Researchers have identified a promising new strategy to halt the progression of aggressive liver and bowel cancers by targeting a specific protein exploited by the disease. The approach focuses on disrupting a critical biological pathway that these cancers hijack to fuel their uncontrolled growth.
The work centers on the WNT pathway, a natural signalling system that tells cells when to grow and when to stop. Cancers with specific genetic faults can co-opt this system, leading to tumour formation in the intestine and liver. The team discovered that a protein called nucleophosmin (NPM1) is present at high levels in these cancers due to these errors. By blocking NPM1 in laboratory models, they found a way to interrupt the cancer's growth mechanism.

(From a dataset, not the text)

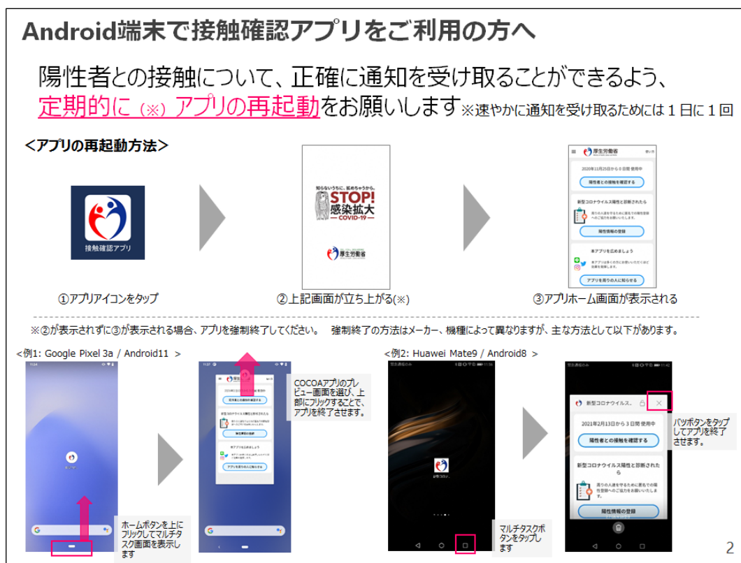
図 2 Android 版の再起動方法 (関連情報 3) から引用)

今回明らかになった接触通知機能に関する不具合は、2020 年 9 月 28 日の更新(バージョン 1.1.4)で新たに生じました。2021 年 2 月 18 日の更新(バージョン 1.2.2)で修正が図られたものの、正確な通知を受け取るためには 1 日に 1 回程度 COCOA を再起動する必要があると案内されています。ただし、次回以降の更新で再起動が不要になる可能性もあり、利用しやすくなることが期待されます。
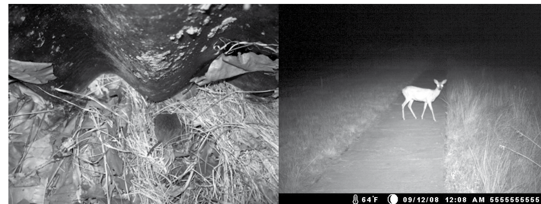
Bij het controleren van de slangenplaten is 6 keer een woelmuis waargenomen en 6 keer een spitsmuis. De dieren maakten zich meestal razendsnel uit de voeten, maar deze Rosse woelmuis kon nog net op foto vastgelegd worden. 16 juli 2008.

Lead researcher Professor Owen Sansom explained the potential safety and mechanism of this target. "Because NPM1 isn't essential for normal adult tissue health, blocking it could be a safe way to treat certain cancers," he said. "We found that if NPM1 is removed, cancer cells struggle to make proteins properly and this allows a tumour suppressor to activate, preventing cancer growth." This finding is particularly significant for bowel cancer, the second most common cause of cancer death in the region, and liver cancer, which together claim thousands of lives annually.
The next steps involve translating this discovery into a tangible therapy for patients. Researchers will now work to develop drugs capable of effectively and safely blocking the NPM1 protein in humans. This pathway offers a hopeful new direction for treating cancers that currently have limited therapeutic options, potentially leading to more precise and effective treatments in the future.